Fascinating - I've never encountered Kahrimanis or seen his work.
(how about a reference?)

The chord you describe (where 1/9 is the 'dominant' of the scale,
which makes 27/16 the utonal '1-identity' of the chord) can also
be expressed as:

1/9 : 1/7 : 1/6 : 1/5
= 3^1 : 3^3 * 7^-1 : 3^2 : 3^3 * 5^-1
= 3/2 : 27/14 : 9/8 : 27/20

The interval between 27/14 (= 1/7) and the 'tonic' 1/1, the
'highly raised leading tone much in accord with the modern
practice of a typical string quartet playing Beethoven', has
a size of ~1137.04 cents.

Without actually checking it, this does indeed seem to agree with
my perceptions of recordings of Beethoven string quartets.

So apparently a tuning experiment involving Beethoven's music
is amenable to the inclusion of 7-limit ratios, which I excluded.
Perhaps I'll expand my experiment to include them.

[Dale C. Carr, TD 206.6]
>
> [Excerpting:]
>
> """From: monz@juno.com
>
>>[...] The (culturally-conditioned?) preference for a sharpened
>> Pythagorean 'leading-tone' makes this chord sound flat, at
>> least in this piece, and to my ears. It sounds a lot better
>> using the Pythagorean pitch for the leading tone, and choosing
>> the 'root' and '5th' which make a nice 4:5:6 triad with it,
>> in the corresponding area of the harmonic lattice.[....]"""
>
> I wonder whether the term "sharpened Pythagorean 'leading-tone'"
> here isn't perhaps pleonastic and potentially confusing too?

OK, perhaps a few additional punctuation marks would have made
my statement more precise.
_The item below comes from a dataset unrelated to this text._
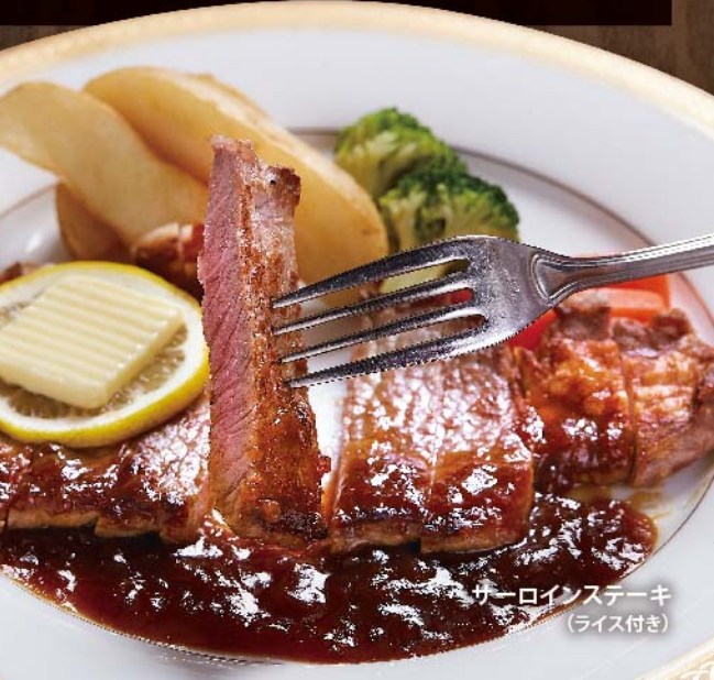
サーロインステーキ (ライス付き)

How about:

"The (culturally-conditioned?) preference for a sharpened
(Pythagorean?) 'leading-tone' makes this chord sound flat"

[Carr]
> Can one actually speak of a Pythagorean leading tone?

Musicians, or tuning theorists anyway, routinely use the term
'Pythagorean leading tone' to mean an interval with the ratio
243:128 [= 2^-7 * 3^5 = ~1109.78 cents].

[Carr]
> The description of a flat sounding chord also has me wondering.
> monz might mean that the *third of the chord* is lower than he
> expected, but not likely that there's a flat sign in front of it.

I did indeed mean the former and not the latter.
(wasn't that clear in context?)

[Carr]
> But a *chord* might sound flat [= dull?] for some other reason
> than the tuning, <...snip>

This may or may not be true.

In fact, I've found that there's an intimate relationship between
tuning and timbral perception, and I mean this in a way that's
different from Bill Sethares's ideas.

In my analysis of Louis Armstrong's singing and playing, in
particular, I found that tiny microtonal differences in pitch
sounded like timbral differences; or perhaps it's the other way
around - it's impossible to tell by ear which is the cause and
which the effect.

[Carr]
> <...> so maybe he's not referring to the third at all.

But yes, I was referring to the fact that the '3rd', which in
the 'Dominant [V]' chord is the 'leading-tone' of the scale,
sounded too flat when tuned to 15/8, and to my ears, made the
entire chord sound too flat in the context of the overall
harmonic progression of the piece.

[Carr]
> As a relative novice to tuning matters, may I plead for more
> precise expression? The subject is too complex to tolerate
> unclear use of terms like sharp and flat.

Exactly why I started my online Tuning Dictionary.
(altho 'sharp' and 'flat' are not yet included)

Sorry that you found my use of terminology unclear.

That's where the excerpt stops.